Kommunizierendes Blech: die technischen Kreaturen des Nicolas Anatol Baginsky  ■  Von Britta Peters

Betritt man die Galerie Schlüter am frühen Morgen, passiert gar nichts. Vier Maschinen thronen auf ihren Transportkisten, ordentlich zum Quadrat arrangiert. Plötzlich stampft die kleine Dicke vorne mit den Füßen auf. Sie schüttelt sich und trommelt gegen ihren hölzernen Klangkörper. Auch die anderen „Flamencomaschinen“ spüren allmählich Bewegung und menschliche Wärme im Raum: Kastagnetten klappern, und ein Gitarrenhals erklingt. Nach einer Viertelstunde steppen und musizieren alle, was das Zeug hält.
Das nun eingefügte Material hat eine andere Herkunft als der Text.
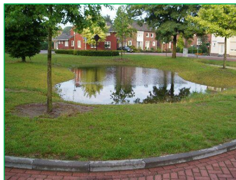
Figuur 2.5 groen en water als klimaatadaptatie.

Nicolas Anatol Baginsky ist Maschinenerfinder. Maschinenvater möchte man fast sagen. Nicht nur daß der Künstler selbst zärtlich von seinen Geschöpfen spricht, sie besitzen menschliche Züge, Fähigkeiten – und Bedürfnisse. Die 1993 von der Hamburger Kunsthalle angekaufte, audio-visuelle Skulptur „Elisabeth Gardner“ zum Beispiel ist, trotz ihrer beträchtlichen Höhe von drei Metern, ein regelrechtes Baby. Um die in ihr schlummernden, kommunikativen Fähigkeiten entwickeln zu können, ist sie auf neugierige Betrachter angewiesen: „Am Rande des Kinderwagens erscheint ein Gesicht, und aus dem Wagen erschallt eine kulturelle Antwort. Das ist das, was ,Elisabeth' macht“, veranschaulicht der Tüftler die frühkindliche Mensch-Maschine-Interaktion. „Sie lernt sehr langsam verschiedene Gesichter kennen und klassifizieren, und ihre sprachliche Entwicklung geht auch sehr langsam voran. Aber es kommt so eine Art emotionale Äußerung als Reaktion auf ein Gesicht, was sie eben freundlich angrinst oder grimmig schaut.“

Manchmal will Baginsky aber auch anders. Anläßlich der „Kunststreifzüge“ 1994/95 präsentierte er einen Marmortorso namens „Arnold“ – eine kalte Schulter, auch als Ausdruck seiner Abneigung gegen voreilige Kategorisierungen. „Immer wenn ich irgendwo dabei bin, denken die Leute, jetzt kommt der Maschinist, jetzt knallt's und blitzt's gleich fürchterlich“, beschreibt der 38jährige Autodidakt einer Erwartungshaltung, die er nicht bedienen möchte. Im Zusammenhang mit seinem neuesten Projekt „Narcissism Enterprise“ habe er sogar begonnen, sich für Porträtmalerei zu interessieren. Im gleichen Atemzug versichert er aber auch, daß er einen Pinsel nach wie vor nicht in die Hand nehmen würde. Vielmehr ist es die Übertragung, die ihn reizt: Die Tatsache, daß aus einem wahrgenommenen Gesicht ein Bild wird.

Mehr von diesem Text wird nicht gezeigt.